About the job
As part of our team, you will help to accelerate and optimize our progress in developing multi-modal generative foundation models for multiscale biology. We are open to hiring either a Machine Learning Scientist or Machine Learning Engineer. In either role, you will be an integral part of our multidisciplinary teams building the computational platforms that will enable Altos to achieve its mission. You will partner and collaborate with other Machine Learning Scientists and Engineers across the Institute of Computation to contribute to the Altos research and translation ecosystem. Focussing on designing and building state-of-the-art multimodal foundation models that tackle biological questions and aid in the discovery of novel interventions for aging and disease.
Responsibilities
Machine Learning Engineer
- As a Machine Learning Engineer you will focus on building, deploying and optimizing machine learning models at scale.
- Pre-train and fine-tune large-scale machine learning systems using multimodal biological data and natural language inputs.
- Develop efficient data loading strategy and performance tracking to train large models with distributed training across multiple nodes
- Ability to apply software engineering skills to develop reliable, scalable, performant distributed systems in a cloud environment.
Machine Learning Scientist
- The ideal candidate will be able to use their experience to focus on designing, developing and evaluating state of the art foundation models, at scale, to benefit the research.
- Pre-train and fine-tune large-scale machine learning systems using multimodal biological data and natural language inputs.
- You will be able to gain insights, based on theory, deep research and the mathematical underpinnings of your work.
- Be experienced in using AI as a tool to accelerate your research.
- Can apply strong coding experience to model development using existing languages(s) and framework(s)
Qualifications
Minimum
Machine Learning Engineer
- MS in Computer Science, Statistics, Machine Learning, Artificial Intelligence, or a related discipline
- 0-5 years of relevant work experience in either an academic or industry setting
- Very strong programming skills, including experience with Python and deep learning libraries (PyTorch, Hugging Face Transformers, H-F Datasets, H-F Accelerate)
- Ideally, experience in a distributed training framework, like DDP, FSDP, Deepspeed, Megatron, or HuggingFace Accelerate, Ray.
- Expertise in a subset of the following: transformers, natural language processing, multi-modality in language and/or in biology, diffusion models.

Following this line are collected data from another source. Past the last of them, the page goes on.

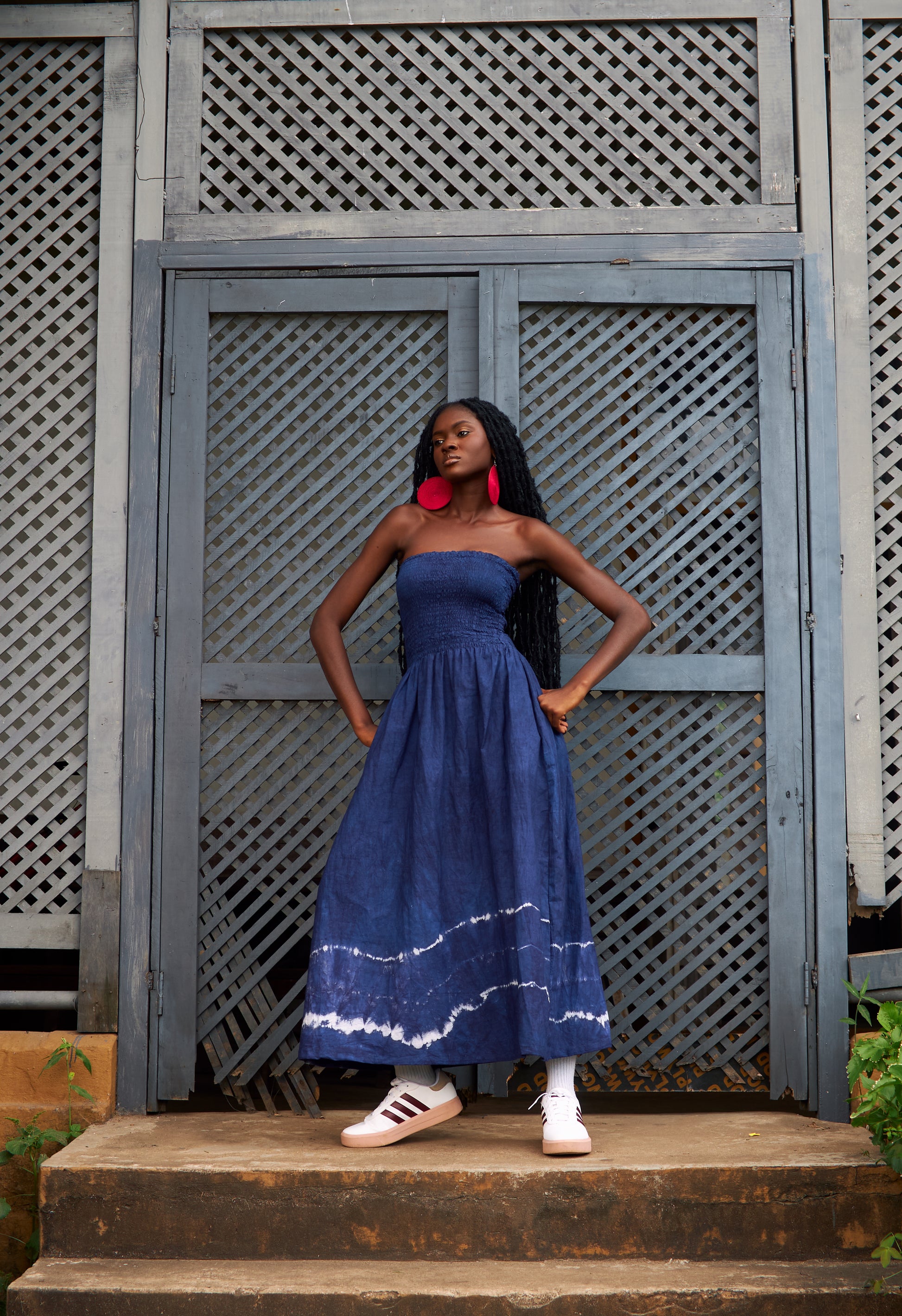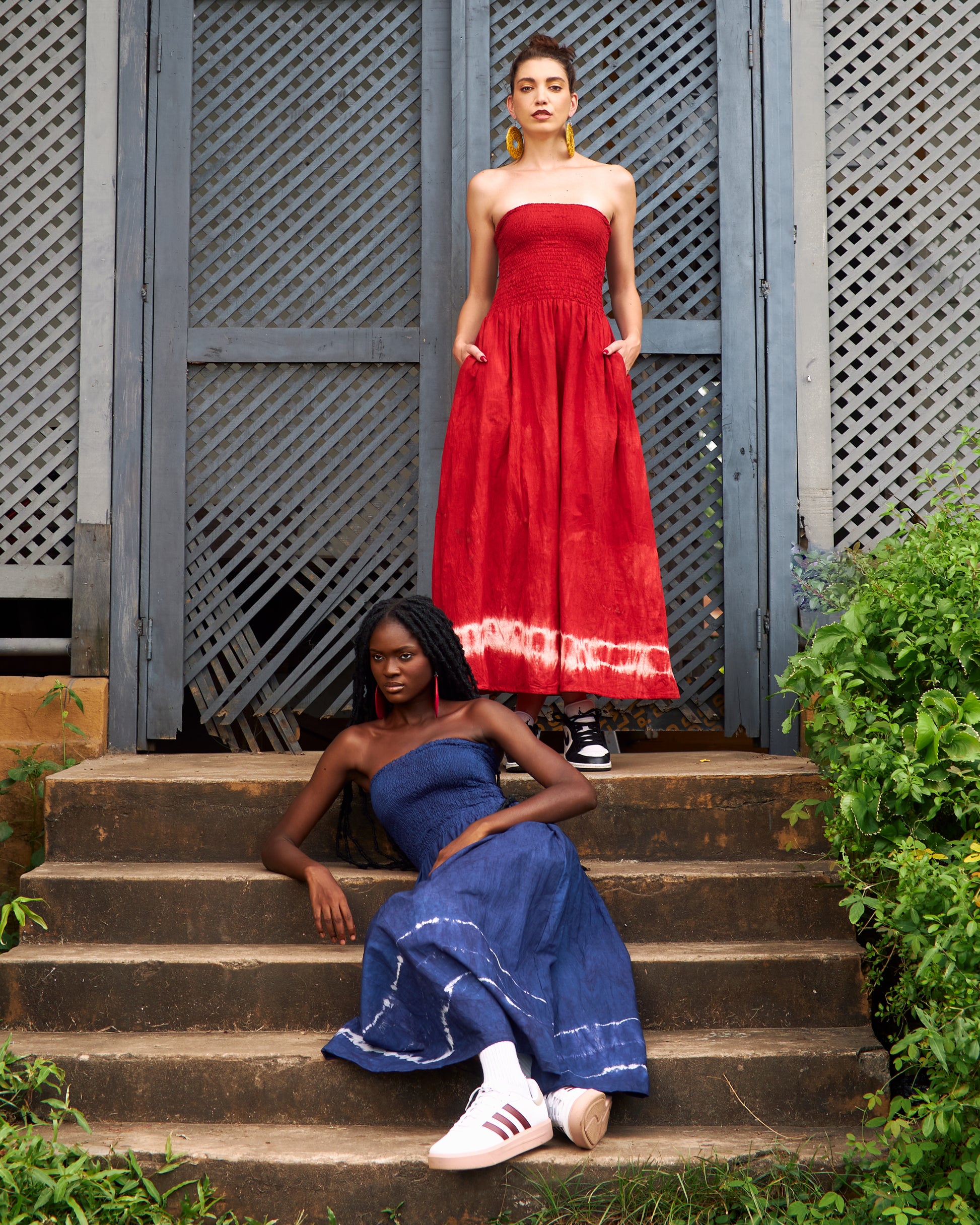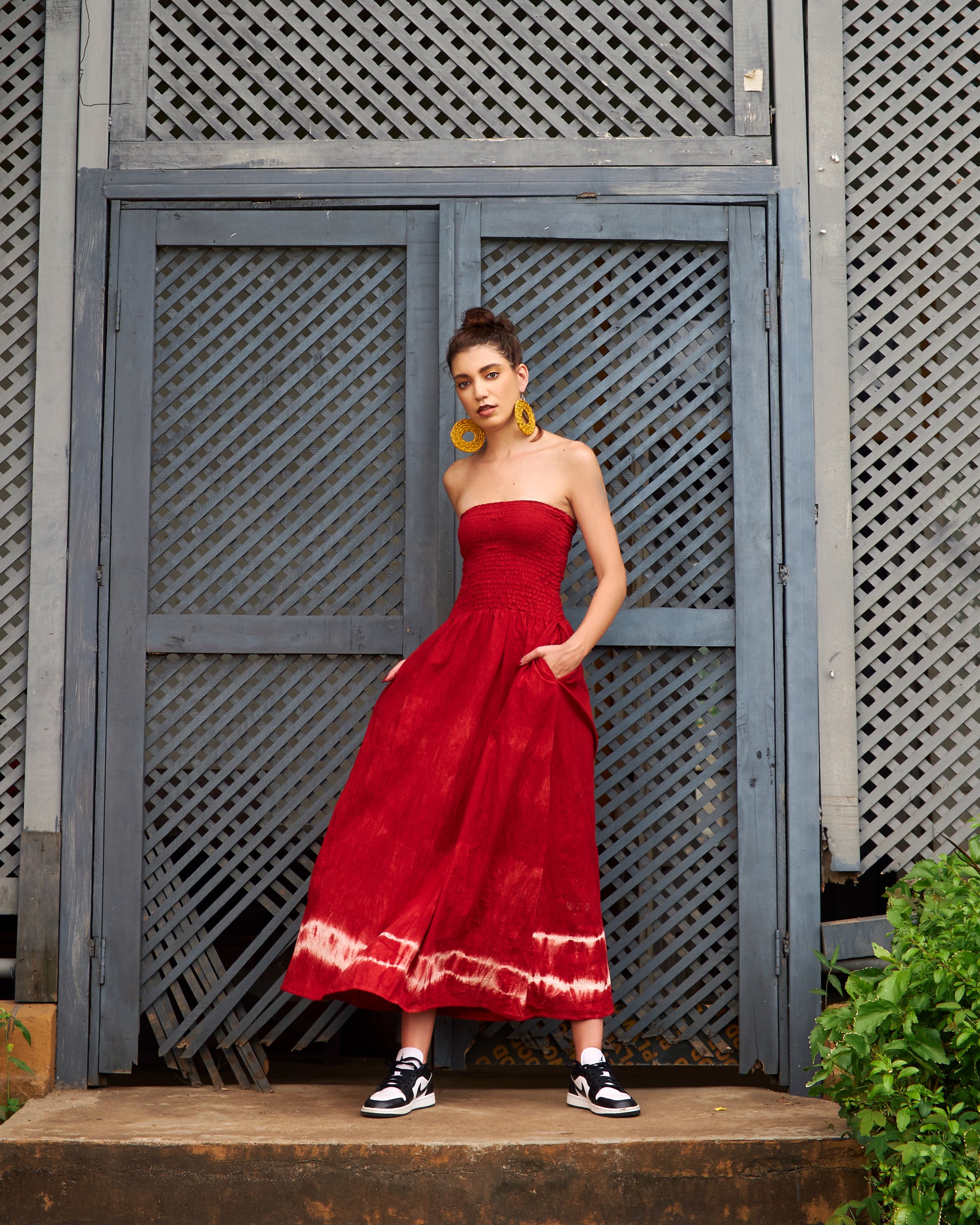 A strapless, hand-dyed cotton maxi dress featuring a smocked bodice for comfort and a flowing silhouette. Finished with a tie-dye border at the hem, it blends effortless style with cultural craftsmanship. Perfect for casual wear or dressed up with bold accessories.
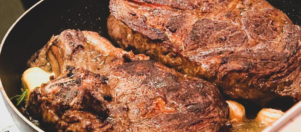 - Das Steak wird von beiden Seiten ca. 2 Minuten scharf angebraten. Wenn die Fleischporen vollständig geschlossen sind, lässt es sich ganz einfach wenden, wenn es festklebt am Pfannenboden, braucht es noch ein paar Sekunden. Ich brate das Steak dann noch einmal 1Minute von jeder Seite.
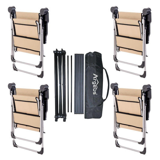 4 Adet Katlanır Kamp Sandalyesi ve Alüminyum Masa Seti - Rock Dark - Bej - Taşıma Çantalı
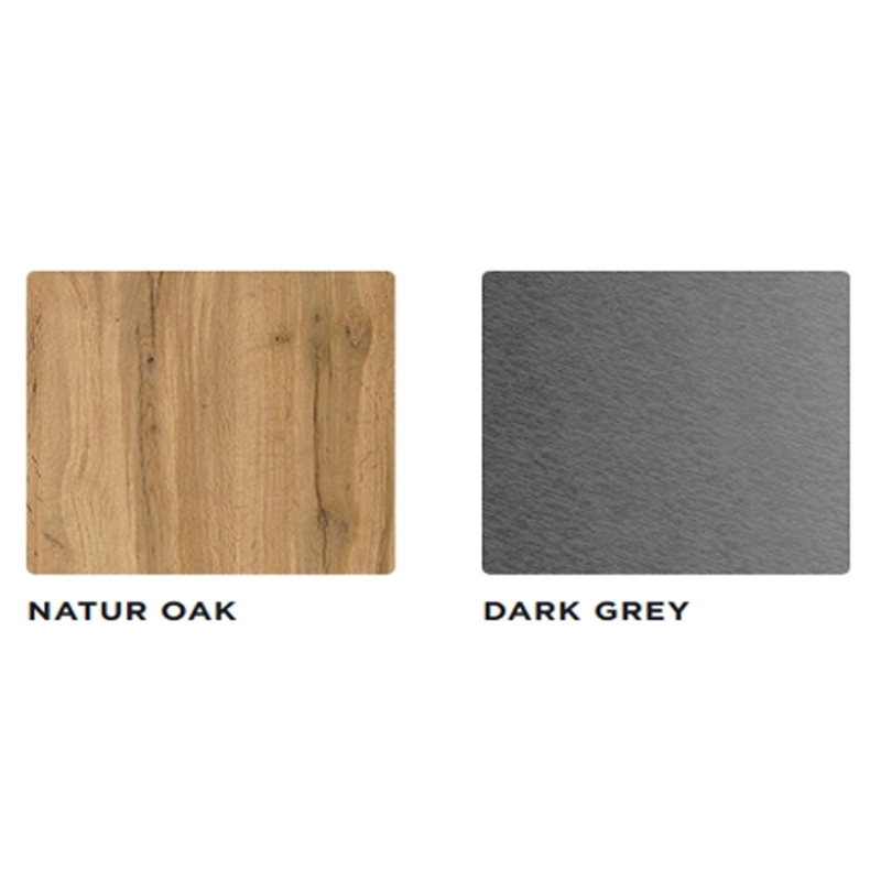 Mobilierul este prevazut cu doua sertare spatioase, echipate cu sistem de inchidere lenta soft close, care asigura o utilizare confortabila, silentioasa si sigura. Fronturile sunt realizate din MDF acoperit cu folie 3D, un material recunoscut pentru rezistenta superioara la umezeala si pentru posibilitatea de a obtine finisaje decorative deosebite. Manerele metalice completeaza designul si asigura o utilizare practica in timp. Finisajul stejar natur adauga un plus de caldura si rafinament, integrandu-se usor in diferite stiluri de amenajare.

Machine Learning Scientist
- PhD in Computer Science / Machine Learning or similar fields
- 0-5 years of relevant work experience in either an academic or industry setting.
- Prior experience in developing and implementing novel generative AI models in a subset of the following: transformers, multi-modality, diffusion models.
- Can demonstrate a deep understanding and expertise of Machine Learning Principles and how they apply to different models
- Very strong programming skills, including experience with Python and deep learning libraries (PyTorch, Hugging Face Transformers, H-F Datasets, H-F Accelerate)
- Strong track record of published peer reviewed innovative AI/ML research
- Experience writing production-quality code with modern machine learning frameworks such as PyTorch, TensorFlow, JAX, or similar;
- Experience with multi-GPU and distributed training at scale;
Preferred
Familiarity with multimodal data integration, including early and/or late fusion strategies.
Track record of ML applied to NGS data (e.g.RNA-seq, ATAC-seq, ChIP-seq, DNA methylation), biological imaging modalities (e.g. microscopy, H&E, IF), and/or spatial transcriptomics.